White coating: a prescription for care disruption

When my patients come to see me, they often manage autoimmune and musculoskeletal-skeletal conditions that cause inflammation, fatigue and a lot of pain. That said, one of the most rewarding aspects of the rheumatologist is to provide new and innovative drugs that prevent the progression of the disease, manage inflammation, mitigate pain and, above all, allow my patients to recover their lives.
However, many of these processing options should be administered under careful medical supervision, as they require precise dosage and special manipulation, or are given intravenously. Given these requirements, practices will often keep these drugs at hand and easily have them available to administer patients during their regular visits. With an on -site medication inventory, rheumatologists can adapt the treatments, ensure the integrity of the drug and support better support for drugs for patients.
Unfortunately, in recent years, there has been a growing trend among insurers and pharmacy services (PBM) to move the way certain medications administered by the doctor are covered. Instead of covering these drugs under the medical service of a patient – which has long been the status quo – insurers and their PBMs cover these drugs in the context of the patient’s pharmacy provision. Although this may seem to be a simple administrative adjustment, it fundamentally changes how practices get and provide essential therapies.
When treated as a medical advantage, practices can buy loose medicines, store them safely on site and administer them during visits to the office. This “buy and invoice” approach is effective for providers and patients. But when a drug is moved to pharmacy coverage only, practices are necessary to use a specialized pharmacy to obtain the drug – a process called “white engage”. This means that each patient’s drugs must be ordered individually, coordinated with external parts, followed for delivery and stored separately.
This change creates not only unpaid administrative load challenges and planning challenges for providers, but it also delays or limits access to the drugs necessary for patients. Delay a treatment that manages thrusts or promotes bone density while reducing the risk of fractures puts the health of patients in danger. But this is precisely what some of these insurer policies will do.

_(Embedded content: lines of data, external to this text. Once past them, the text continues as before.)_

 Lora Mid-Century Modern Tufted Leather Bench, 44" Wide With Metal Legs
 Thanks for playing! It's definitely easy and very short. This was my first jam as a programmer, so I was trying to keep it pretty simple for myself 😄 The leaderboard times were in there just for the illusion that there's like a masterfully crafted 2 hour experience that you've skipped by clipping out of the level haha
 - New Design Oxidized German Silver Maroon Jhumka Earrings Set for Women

These policies also pose potential security problems, as rheumatologists cannot trace the drug through the shipping process. In addition, once a white bag medication has arrives, it can only be used by this specific patient. If a dose should be adjusted according to the side effects or the progression of a patient’s disease, the medication delivered should be thrown and reorganized, generating a huge amount of medication waste.

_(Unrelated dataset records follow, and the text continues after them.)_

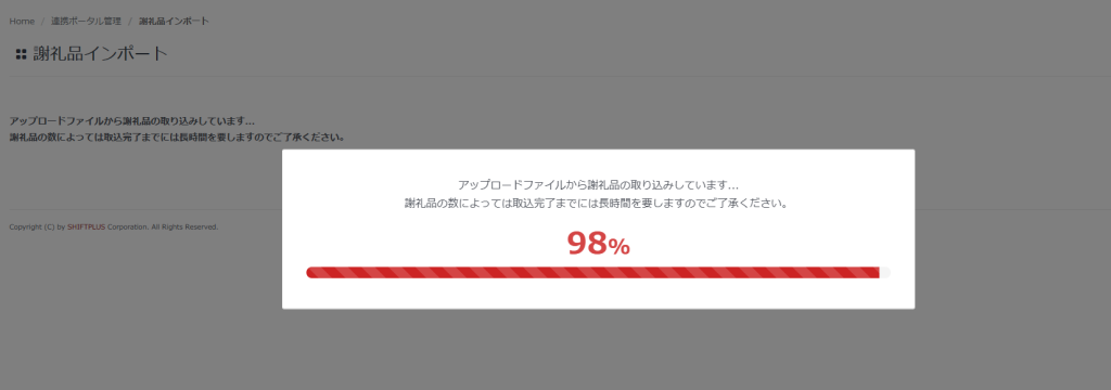 「インポート」機能では、LedgBoxから出力したCSVデータや画像のZIPファイルを取込むことができます。データを取込むと謝礼品情報が上書きされます。謝礼品情報を更新する際にご活用ください。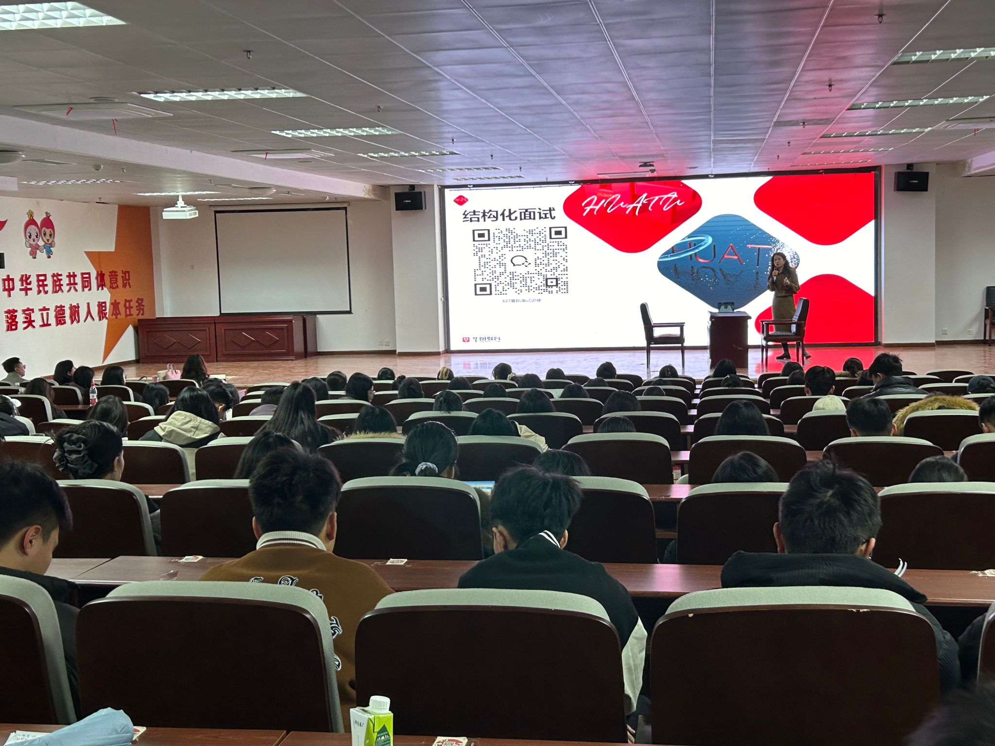 為引導(dǎo)在校生熟悉結(jié)構(gòu)化面試的基本流程和考情考務(wù),掌握結(jié)構(gòu)化面試中的語(yǔ)言表達(dá)方法和答題技巧,3月27日上午,管理學(xué)院邀請(qǐng)華圖教育科技有限公司臧鴻瑜老師在榆中校區(qū)就業(yè)大廳舉辦了以“‘面’展風(fēng)采 ‘職’點(diǎn)迷津”為主題的面試專題講座。學(xué)院2022級(jí)各專業(yè)的200余名學(xué)生參加。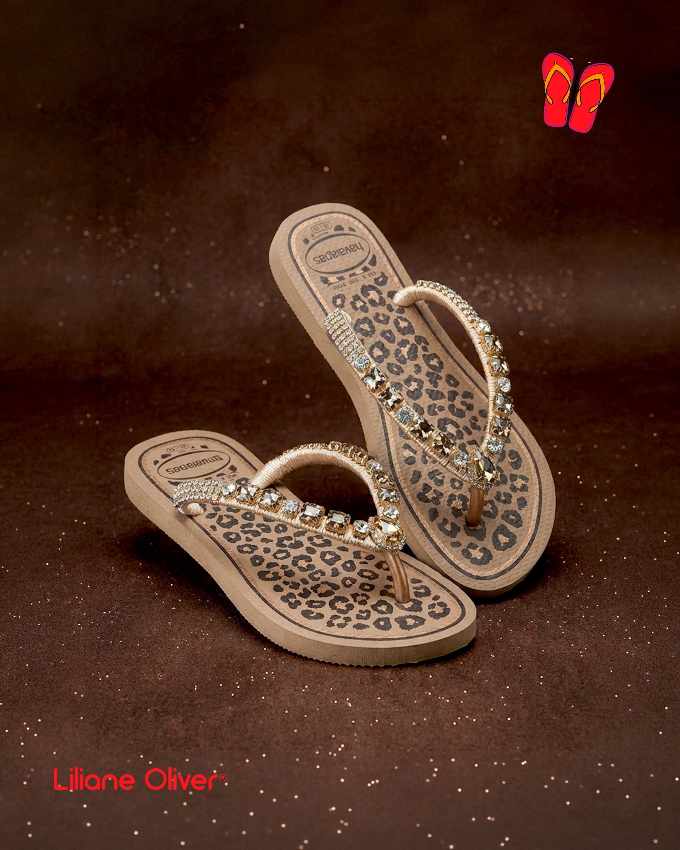 Esse chinelo é a definição de luxo + atitude. Com estampa animal print sofisticada e tiras trabalhadas com pedrarias douradas, ele transforma qualquer look básico em uma produção poderosa e cheia de estilo.

Payers argue that whitewest policies allow them to pay less for the same medication and limit health costs, but we know that this ineffective process increases costs for patients, who often end up paying more co-assurance.
During all this time, whitewest threatening the sustainability of medical practices which, if paid in the context of the medical services of a patient, would be reimbursed with precision for the infrastructure necessary to provide care, including trained personnel, specialized storage equipment and clinical monitoring required to administer these therapies safely.

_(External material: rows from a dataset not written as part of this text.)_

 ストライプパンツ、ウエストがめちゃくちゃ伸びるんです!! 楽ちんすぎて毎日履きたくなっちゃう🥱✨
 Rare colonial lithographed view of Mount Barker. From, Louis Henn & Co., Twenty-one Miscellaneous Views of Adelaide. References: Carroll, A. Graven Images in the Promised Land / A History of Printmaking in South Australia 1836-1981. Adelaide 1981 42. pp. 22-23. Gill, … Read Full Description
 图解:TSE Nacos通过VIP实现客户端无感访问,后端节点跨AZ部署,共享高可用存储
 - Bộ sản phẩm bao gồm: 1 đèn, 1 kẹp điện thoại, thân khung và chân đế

As a nation, we must ask ourselves: should health insurers work to improve care or create new obstacles?
Although the solutions to manage the increase in health care costs are significant, they must not be done at the expense of access, continuity or quality. I hope that insurers, regulators and other stakeholders will work to find a better way to follow. Whoever supports sustainable care models, reduces unnecessary charges and ultimately puts patients first. When PBMS dictates how and where drugs are issued, it is not effectiveness – it is interference, and patients are those at risk.